The seasons pass for podling and gelfling as they always have, with the festivals and the rights of passage and songs sung in a language that I no longer need Kira's help to understand. The sadness that lingers in the village's only two gelflings cannot forever cast a pall over the village. The podlings have known much sorrow and death, and they go on as they always have, though they embrace us and ply us with food and drink when they sense that our sadness is heavier than usual.

I lie with Kira in the nights that she seems to dread, curling my body into hers in an attempt to fill that emptiness that I know from dreamfasting still haunts her. I have never had her gift for words, and so I try my best to simply be warm for her, warm and present. She is grateful, and I am grateful that she is with me, and if there is sadness between us there is no longer anger.

One night she has a dream that I do not see, and before I am half awake she has leaped from beneath our blanket and is saying the same words again and again, "The houses of the old ones…the houses of the old ones…"

I run after her, stumbling through brush and trees on that dark trail where a Skeksis once chased us. She tears through the gates of the ruins. If the podlings have heard her they do not follow us. I know that they still fear the place, though the death that was visited upon it is centuries old.

I find Kira with her arms wrapped around the stone chair in the middle of what must have been a throne room, gasping. I put my arms around her, fearing that the sadness has finally driven her mad. But she does not weep. For the first time in many nights, she smiles at me.

"I have seen our world," she says, her eyes glistening.

I nod, listening.

"I have seen the world we will make." She stands and moves slowly through the ruins, touching the crumbling walls, the vine-covered columns, finally running her hands over the Wall of Prophecy that had led us to the castle. She touches the symbols that she cannot read, their shapes faint in the moonlight.

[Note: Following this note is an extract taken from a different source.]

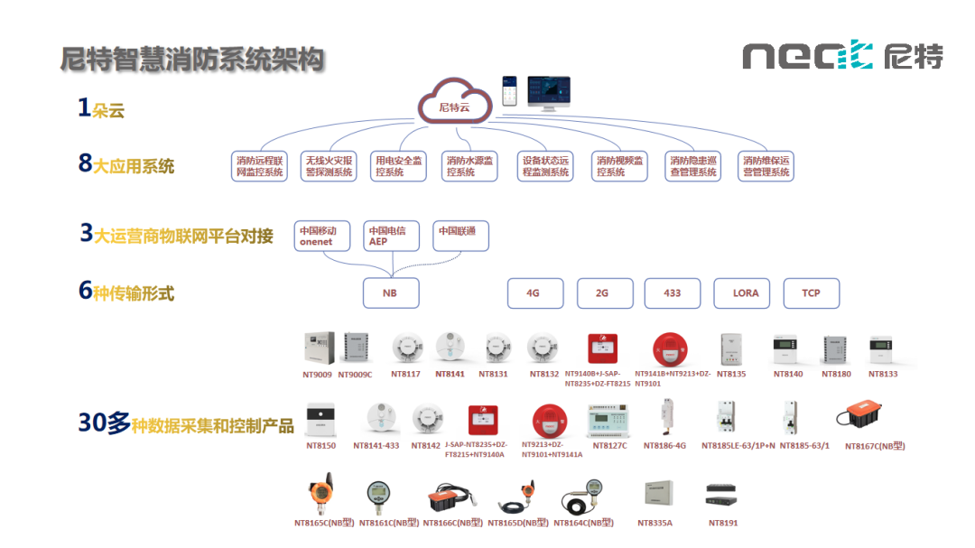 智能化是城市安全與消防技術結合的全新方向。在本次發布中,尼特全新升級了新一代尼特云4.0智慧消防管理平臺、無線火災報警探測系統、用電安全監控系統、設備狀態遠程監測系統、消防視頻監控系統,構建了更加完整的無線聯網型消防產品線,全面提升了用戶單位的消防安全保障能力。

"We have to rebuild the houses of the old ones, Jen. We have to show the podlings and the nebri and the landstriders what we once were. And then we have to leave a trace. On this wall. I will tell the story, and you will write it, because you are the only one who can."

In the light of the moon I could see her face was flushed, and her hair sparkled. She seemed holy to me. I held her, feeling the quickness of her heartbeat.

"This is how," she said. "This is how we make the world."